Fractal task-execution¶

This page describes how fractal-server runs a sequence of Fractal tasks and processes the metadata they produce.

NOTE: The process of defining a single full specification for this interface is still ongoing.

The description below is based on concepts and definitions which are part of fractal-server. For the specific case of the Fractal image list, a more detailed description is available at https://fractal-analytics-platform.github.io/image_list. For clarifications about other terms or definitions, the starting point is the execute_tasks function in the runner.py Python module.
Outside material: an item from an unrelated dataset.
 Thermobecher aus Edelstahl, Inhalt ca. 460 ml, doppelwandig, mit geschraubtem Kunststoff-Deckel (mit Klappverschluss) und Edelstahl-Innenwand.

Within fractal-server, a Fractal task is associated to a TaskV2 object, which has either one or both non-parallel and parallel components (where "both" corresponds to compound tasks). The command_non_parallel and command_parallel attributes, when set, represent a command-line executables which are used to run the task. As an example, if command_non_parallel = "/path/to/python /path/to/my_task.py, then the command that is executed will look like

/path/to/python /path/to/my_task.py --args-json /path/to/args.json --out-json /path/to/out.json

For Fractal tasks that are developed in Python, the fractal-task-tools exposes a helper tool to implement this command-line interface.
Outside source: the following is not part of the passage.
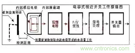 電容式接近傳感器的工作原理:電容式接近傳感器由高頻振蕩器和放大器等組成,由傳感器的檢測面與大地間構成一個電容器,參與振蕩回路工作,起始處于振蕩狀態。當物體接近傳感器檢測面時,回路的電容量發生變化,使高頻振蕩器振蕩。振蕩與停振這二種狀態轉換為電信號經放大器轉化成二進制的開關信號。

The main entrypoint for task execution in fractal-server is the execute_tasks function, which executes a list of tasks (that is, part of a Fractal workflow). Its input arguments include:

a Fractal dataset (which also contains an image list),
a list of workflow tasks (each one associated to a TaskV2 object),
filters based on image types or attributes, set by the user upon job submission.
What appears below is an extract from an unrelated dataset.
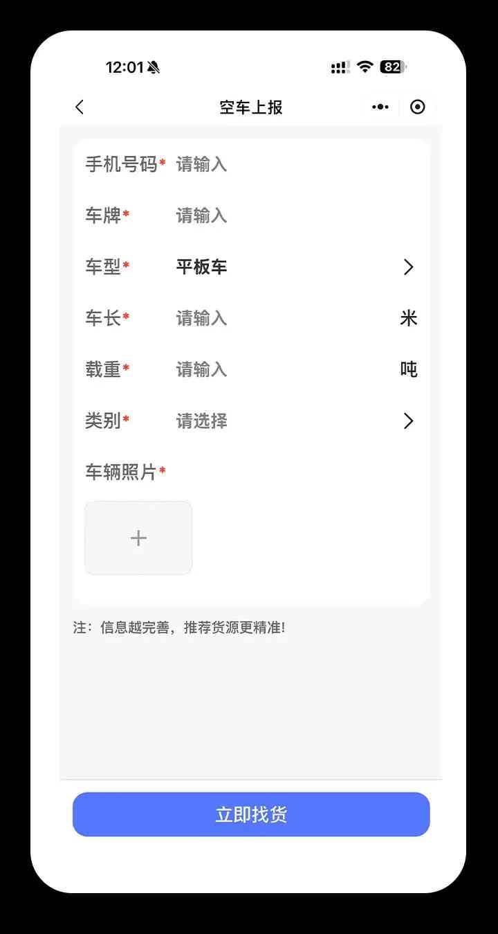 2.填写车辆信息:车型、吨位、槽罐类型等(首次填写后系统会记住)

In the following parts of this page we provide a high-level description of the execute_tasks flow. Some aspects which are not covered here are:

Validation procedures and error handling.
Fractal-job statuses and history tracking.
Advanced status-based image filtering.

Initialization phase¶

Before starting the execution of the tasks, fractal-server initializes some relevant variables.

Variables that are extracted from the current dataset state:
- zarr_dir
- The current image list
Variables that are extracted from user-provided job-submission parameters:
- Image-type filters to apply to the image list.

After this preliminary phase the following three steps (pre-execution, execution, post-execution) are repeated for all tasks in the list.

Pre-task-execution phase¶

If the task is a converter, it does not receive any OME-Zarr image as input. For non-converter tasks, however, fractal-server prepares a list of images that will be part of either zarr_urls (for non-parallel or compound tasks) or of the individual zarr_url arguments (for parallel tasks).

The input image list is constructed by applying two sets of filters to the current dataset image list:

Image-type filters obtained as a combination of current type filters, the task input types and the user-specified workflow-task type filters.
Image-attribute filters specified by the user upon job submission.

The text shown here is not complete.